Across all 23 RCTs (n=1,474), collagen supplements appeared to significantly improve skin hydration, elasticity, and wrinkles. However, subgroup analysis by funding source revealed that only pharmaceutical/supplement company-funded studies showed significant effects — independently funded studies showed no benefit in any category. Similarly, high-quality studies showed no significant effect across all skin measures, while low-quality studies showed improvement only in elasticity. The authors concluded there is no clinical evidence to support collagen supplements for skin aging.

Key Numbers

How They Did This

Systematic review and meta-analysis of 23 randomized controlled trials (1,474 total participants) identified through PubMed, Embase, and Cochrane Library searches through June 2024. The key innovation was stratifying results by funding source (industry vs. independent) and study quality (high vs. low), which revealed that the overall positive results were driven entirely by industry-funded and lower-quality studies.

Why This Research Matters

The collagen supplement market is worth billions of dollars and growing rapidly, largely based on clinical trials showing skin benefits. This meta-analysis reveals that those positive results are almost entirely driven by industry-funded research and low-quality study designs. It's a striking example of how funding bias and study quality can create a misleading evidence base, and it challenges consumers and clinicians to reconsider the evidence for a very popular supplement.

The Bigger Picture

This study is part of a broader reckoning in supplement science, where meta-analyses that account for funding source and study quality often find that initially promising results evaporate. The collagen supplement industry has grown enormously based on clinical trial data, and this analysis suggests that growth has been built on a biased evidence foundation. Published in The American Journal of Medicine, it carries significant weight in clinical circles.

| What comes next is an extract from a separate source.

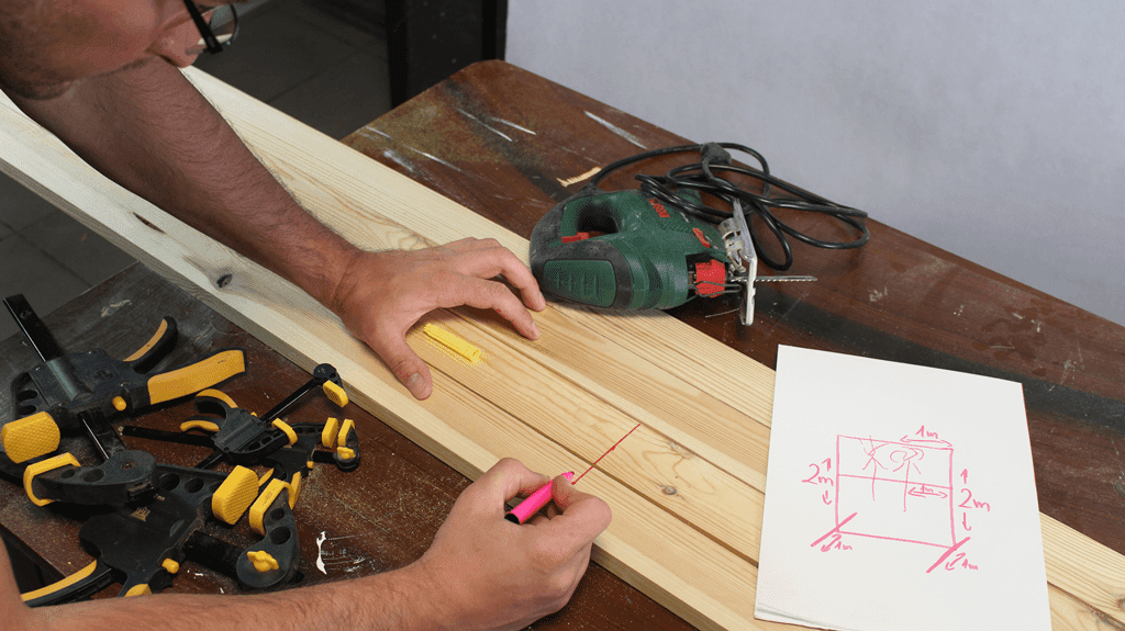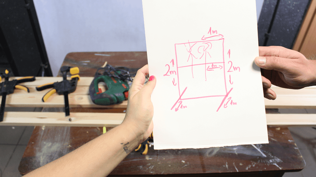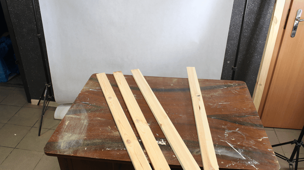 Najważniejszy jest projekt. Nasz, jak widać, pełna profeska. W skrócie: dwie dwumetrowe kantówki posłużą za boczne „ścianki”, tej konstrukcji. Pozostałe dwie sztuki, przetnijcie w markecie na pół, aby uzyskać cztery, jedno metrowe elementy. Z pierwszych dwóch, jedno metrowych elementów wykonacie łączenie wysokich boków – powstanie taki telewizor. Zaś z pozostałych, zamontowanych na dole wysokich boków, powstanie stabilizacja.

What This Study Doesn't Tell Us

The meta-analysis is limited by the quality and heterogeneity of the underlying trials. Different collagen types, sources, doses, and durations were pooled together. The subgroup of independently funded studies was likely smaller than the industry-funded group, potentially limiting statistical power to detect real effects. The analysis assessed published outcomes only and could not account for unpublished negative industry trials.

Questions This Raises

  • ?Would a large, independently funded, high-quality RCT with standardized collagen peptides show any measurable skin benefit?
  • ?Are specific types or doses of collagen peptides more likely to produce genuine effects that aren't captured in pooled analyses?
  • ?How should clinicians and consumers interpret collagen supplement marketing claims in light of this funding bias analysis?

Trust & Context

Key Stat:
No effect in independent studies When industry-funded studies were removed, collagen supplements showed no significant improvement in skin hydration, elasticity, or wrinkles across 23 RCTs
Evidence Grade:
This is a systematic review and meta-analysis of 23 RCTs — the highest level of evidence synthesis. The subgroup analysis by funding source and quality adds particular rigor. Published in The American Journal of Medicine, a respected general medical journal.
Study Age:
Published in 2025 with literature search through June 2024, this is the most current and comprehensive meta-analysis on collagen supplements and skin aging, and its findings directly challenge the existing evidence base.
Original Title:
Effects of Collagen Supplements on Skin Aging: A Systematic Review and Meta-Analysis of Randomized Controlled Trials.
Published In:
The American journal of medicine, 138(9), 1264-1277 (2025)
Database ID:
RPEP-12695

Evidence Hierarchy

Meta-Analysis / Systematic Review
Randomized Controlled Trial
Cohort / Case-Control
Cross-Sectional / ObservationalSnapshot without intervening
This study
Case Report / Animal Study
What do these levels mean? →

Frequently Asked Questions

Do collagen supplements actually improve skin aging?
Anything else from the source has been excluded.